*** Material shown Section Begins ***

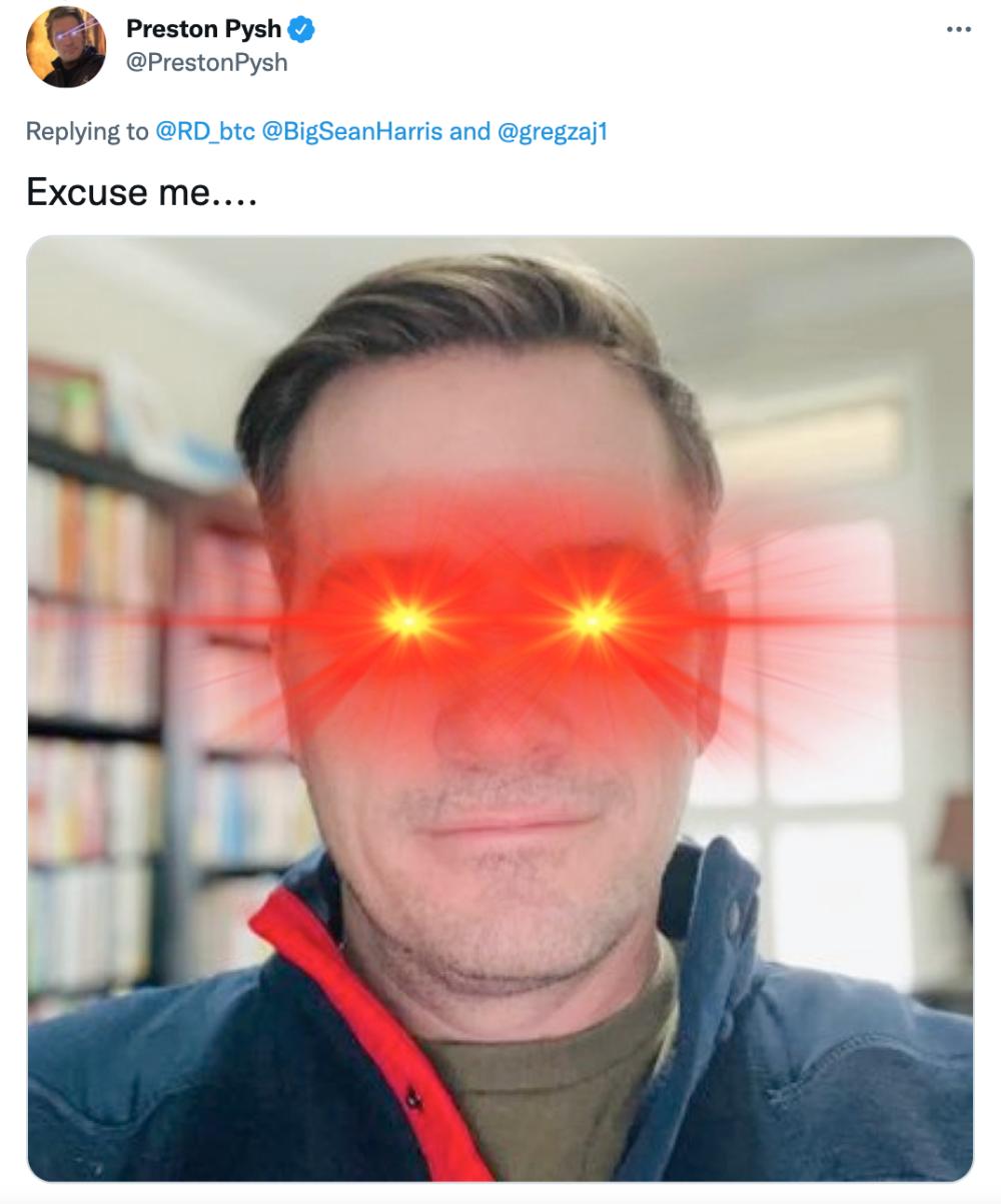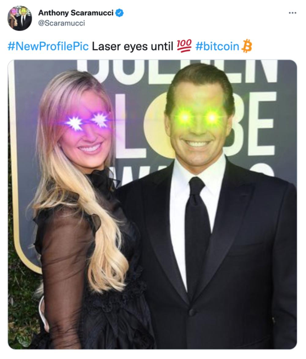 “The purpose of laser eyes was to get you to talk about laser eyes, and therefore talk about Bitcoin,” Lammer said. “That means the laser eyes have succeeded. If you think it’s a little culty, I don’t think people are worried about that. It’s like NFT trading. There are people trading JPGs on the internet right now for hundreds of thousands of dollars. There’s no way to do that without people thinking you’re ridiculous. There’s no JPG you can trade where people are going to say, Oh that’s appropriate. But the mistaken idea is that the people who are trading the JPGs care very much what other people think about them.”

*** Material shown Section Ends ***
*** Material shown Section Begins ***

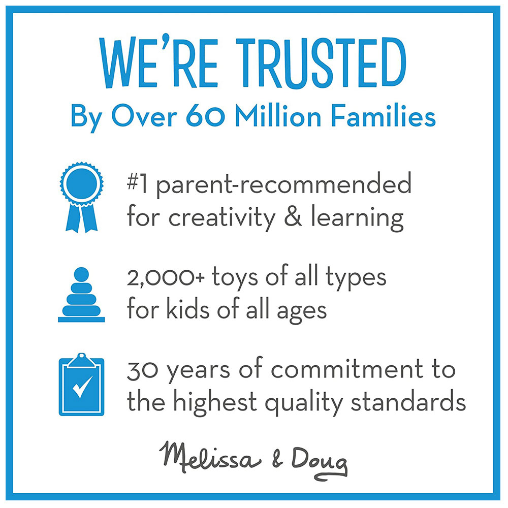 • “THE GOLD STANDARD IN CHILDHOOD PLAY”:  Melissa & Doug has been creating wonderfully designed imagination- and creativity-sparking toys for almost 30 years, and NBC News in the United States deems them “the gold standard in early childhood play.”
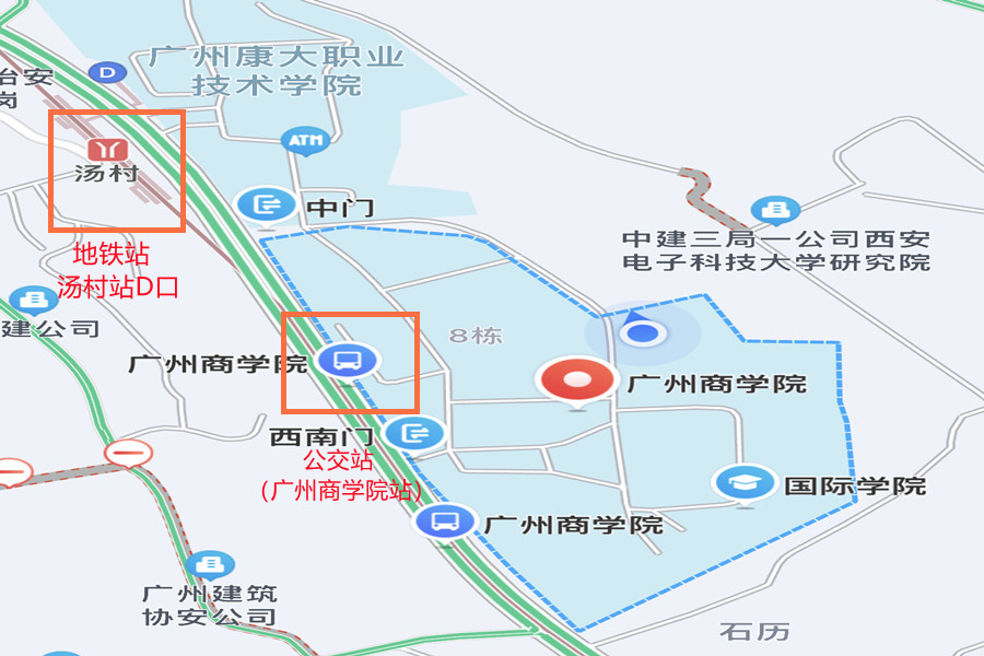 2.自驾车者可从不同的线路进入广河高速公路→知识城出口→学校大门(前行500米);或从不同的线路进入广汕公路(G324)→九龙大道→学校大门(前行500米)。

*** Material shown Section Ends ***
*** Material shown Section Begins ***

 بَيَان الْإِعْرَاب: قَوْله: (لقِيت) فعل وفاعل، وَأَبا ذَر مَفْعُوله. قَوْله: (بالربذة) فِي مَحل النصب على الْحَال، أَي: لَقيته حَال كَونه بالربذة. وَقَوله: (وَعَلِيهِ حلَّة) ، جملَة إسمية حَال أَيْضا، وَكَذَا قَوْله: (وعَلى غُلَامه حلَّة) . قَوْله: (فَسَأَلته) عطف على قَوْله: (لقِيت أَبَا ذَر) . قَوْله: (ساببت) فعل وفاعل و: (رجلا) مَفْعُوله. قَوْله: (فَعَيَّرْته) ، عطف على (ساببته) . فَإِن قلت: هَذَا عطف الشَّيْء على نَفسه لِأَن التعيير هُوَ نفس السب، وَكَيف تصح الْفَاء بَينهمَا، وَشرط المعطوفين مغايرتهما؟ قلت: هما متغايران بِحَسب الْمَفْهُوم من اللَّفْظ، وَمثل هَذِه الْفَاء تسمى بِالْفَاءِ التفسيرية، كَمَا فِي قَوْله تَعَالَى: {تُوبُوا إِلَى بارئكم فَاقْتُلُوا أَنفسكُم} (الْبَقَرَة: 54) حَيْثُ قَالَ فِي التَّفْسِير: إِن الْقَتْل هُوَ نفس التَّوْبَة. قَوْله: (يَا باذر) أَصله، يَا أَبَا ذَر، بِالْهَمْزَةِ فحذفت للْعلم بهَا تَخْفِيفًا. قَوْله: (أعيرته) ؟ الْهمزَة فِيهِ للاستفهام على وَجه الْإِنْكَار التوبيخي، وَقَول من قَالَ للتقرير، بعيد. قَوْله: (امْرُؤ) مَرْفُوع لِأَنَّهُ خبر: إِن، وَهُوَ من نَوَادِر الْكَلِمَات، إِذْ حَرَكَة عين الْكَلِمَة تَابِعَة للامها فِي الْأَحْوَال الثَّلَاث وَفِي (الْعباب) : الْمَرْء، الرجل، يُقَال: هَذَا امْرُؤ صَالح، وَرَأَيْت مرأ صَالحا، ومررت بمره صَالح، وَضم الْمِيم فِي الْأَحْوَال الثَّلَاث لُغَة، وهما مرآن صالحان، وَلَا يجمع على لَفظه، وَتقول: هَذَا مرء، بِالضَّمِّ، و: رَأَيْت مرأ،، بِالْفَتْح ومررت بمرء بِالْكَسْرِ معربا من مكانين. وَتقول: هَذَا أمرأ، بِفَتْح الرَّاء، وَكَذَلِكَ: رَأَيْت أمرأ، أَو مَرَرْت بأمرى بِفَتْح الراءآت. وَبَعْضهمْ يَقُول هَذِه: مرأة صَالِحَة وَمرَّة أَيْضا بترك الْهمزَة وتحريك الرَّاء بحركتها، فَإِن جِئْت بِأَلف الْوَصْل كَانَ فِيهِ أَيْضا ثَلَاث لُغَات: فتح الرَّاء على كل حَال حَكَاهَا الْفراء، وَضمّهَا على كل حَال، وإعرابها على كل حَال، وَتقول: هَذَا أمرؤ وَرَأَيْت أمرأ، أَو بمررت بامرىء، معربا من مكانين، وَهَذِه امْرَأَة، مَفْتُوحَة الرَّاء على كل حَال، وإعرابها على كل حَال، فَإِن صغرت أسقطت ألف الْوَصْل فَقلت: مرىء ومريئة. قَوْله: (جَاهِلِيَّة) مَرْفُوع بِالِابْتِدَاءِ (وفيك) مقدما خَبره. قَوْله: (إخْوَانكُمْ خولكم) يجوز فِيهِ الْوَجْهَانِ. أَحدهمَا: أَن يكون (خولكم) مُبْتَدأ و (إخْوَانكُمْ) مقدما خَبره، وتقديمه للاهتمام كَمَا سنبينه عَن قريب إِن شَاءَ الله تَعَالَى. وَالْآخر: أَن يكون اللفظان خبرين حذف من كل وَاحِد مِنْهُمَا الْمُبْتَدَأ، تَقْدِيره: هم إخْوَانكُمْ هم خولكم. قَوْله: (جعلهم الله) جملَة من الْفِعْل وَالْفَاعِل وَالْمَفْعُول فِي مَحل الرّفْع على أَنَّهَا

*** Material shown Section Ends ***

▶ _Task to complete_
The reply should hold exactly the lines above, starting at the line with "STANDARD IN CHILDHOOD" and ending at the line with "2.自驾车者可从不同的线路进", and no pictures.

▶ _Exercise output_
 • “THE GOLD STANDARD IN CHILDHOOD PLAY”:  Melissa & Doug has been creating wonderfully designed imagination- and creativity-sparking toys for almost 30 years, and NBC News in the United States deems them “the gold standard in early childhood play.”
 2.自驾车者可从不同的线路进入广河高速公路→知识城出口→学校大门(前行500米);或从不同的线路进入广汕公路(G324)→九龙大道→学校大门(前行500米)。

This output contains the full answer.